An Alabama retailer sued The Cincinnati Insurance Company in federal court (N.D. Ala.) alleging the insurer wrongfully denied its claim for business interruption losses due to Alabama’s COVID-19 closure orders. The complaint alleges that Cincinnati cited to the policy’s pollution exclusion as a basis for the denial, and determined that the Coronavirus “is a solid irritant or thermal contaminant.” The retailer further asserts that the 2006 ISO virus exclusion “conceded . . . that bacterial or viral contamination is property damage, because as contaminants they render a physical object unusable until remediation or replacement.” 

Restaurant owners sued Farmers Insurance Exchange in California state court (Los Angeles Cty.) alleging the insurer wrongfully denied their claims for business interruption losses due to California’s COVID-19 closure orders. The complaint alleges that the claims were denied “over the telephone at the time the claims were reported” with “little or no investigation, ” and that while the policies at issue contain virus exclusions, “Farmers’ reasons for denying coverage . . . are contrary to the terms and conditions of the policies and applicable law.”

A group of restaurants sued Farmers Insurance and one of its subsidiaries in California state court (San Francisco Cty.) alleging the insurer wrongfully denied their claims for business interruption losses due to California’s COVID-19 closure orders. The complaint alleges that “the streets on which the Restaurants are located, and the buildings and objects in and around it, became a breeding ground for the disease,” and that “Coronavirus was and is present in these areas because, for example, it has attached to properties and surfaces on, at, or within properties near the Restaurants.” The restaurants further allege that the policies’ virus exclusion does not apply because it is limited to harm “caused by or resulting” from a virus, not “independent actions taken in connection with the virus, by governmental authorities.”

Two San Francisco restaurants sued First Mercury Insurance Company in federal court (N.D. Cal.) alleging the insurer wrongfully denied their claims for business interruption losses due to California’s COVID-19 closure orders.

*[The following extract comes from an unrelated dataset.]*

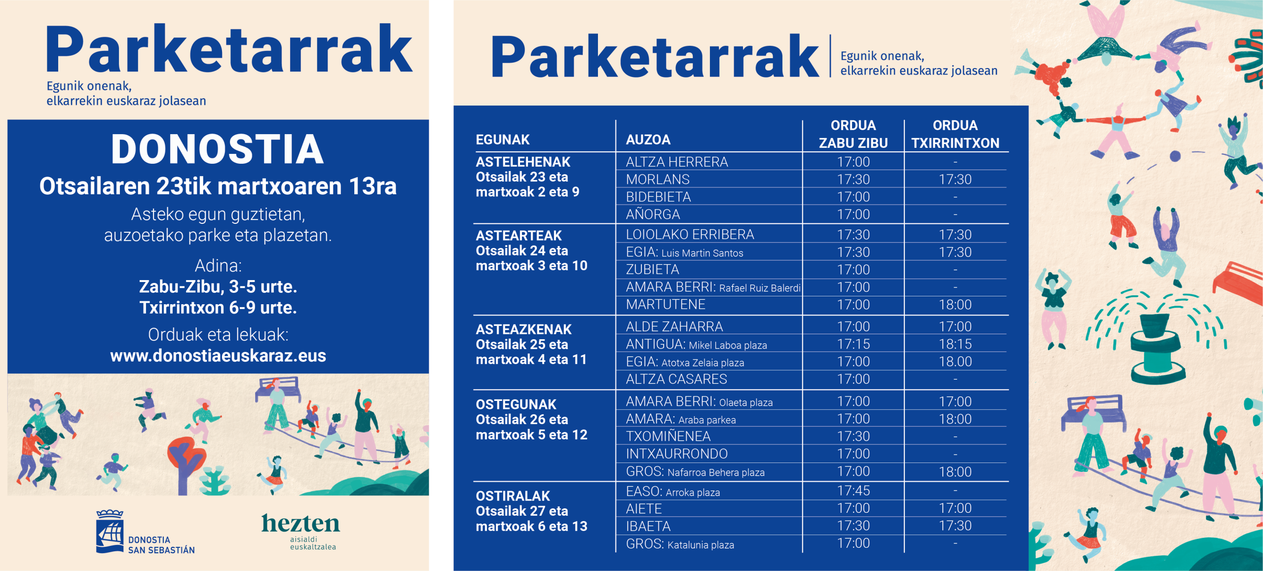Zabu-Zibu et Txirrintxon Parketarrak sont deux groupes du même projet, adaptés à l’âge.

The complaint alleges that the orders have “caused and continue[] to cause direct physical loss of [Plaintiff’s] insured property in that much of it has been rendered useless or uninhabitable, and its functionality has been severely reduced or eliminated.” The complaint seeks a declaration that the policies issued by First Mercury provide coverage for Plaintiff’s business income losses, and that coverage is not precluded by the virus exclusions contained therein.

A dental practice sued Cincinnati Insurance Company for declaratory relief, damages, and bad faith in Iowa state court alleging that it suffered losses due to COVID-19 government closure orders. The complaint asserts the “all-risk” policy provides coverage for loss of business income and extra expense resulting from action of civil authority. Complaint at ¶15. Plaintiff alleges it was required to suspend operations as a result of the actions taken by the State of Iowa and, as a result, has sustained loss under the policy at issue. Id. at ¶22. 

An Iowa restaurant sued Farm Bureau Financial Services in Iowa state court (Polk County) seeking coverage for business interruption losses related to COVID-19. The complaint asserts the government orders issued in response to the pandemic has caused “the necessary suspension of Plaintiff’s operation,” and caused “significant losses to its business income.” Complaint at ¶ 18. Plaintiff alleges the insurer’s denial of the submitted claim per the virus exclusion was wrongful as “Plaintiff has no knowledge of the insured facility being infected with the coronavirus or any other virus…at any time prior to the Governor’s Proclamation and Order.” Id. at ¶25. Plaintiff seeks declaratory relief, as well as damages in connection with claims for breach of contract and bad faith

Crestwood Child Care & Learning Center sued West Bend Mutual Insurance Company in Kentucky state court (Oldham County) seeking coverage for business losses as a result of confirmed cases of COVID-19 within Oldham County and government closure orders. Complaint at ¶12. Plaintiff alleges the policy provides “business income and extra expense coverage…due to the outbreak of a communicable disease.” Id. at ¶14. The Complaint asserts the insurer did not conduct “a reasonable investigation of the Crestwood Child Care Business Interruption Claim or the circumstances thereof in good faith,” prior to denying the claim. Id. at ¶25. Plaintiff seeks declaratory relief and compensatory and punitive damages in connection with claims for breach of contract and bad faith. 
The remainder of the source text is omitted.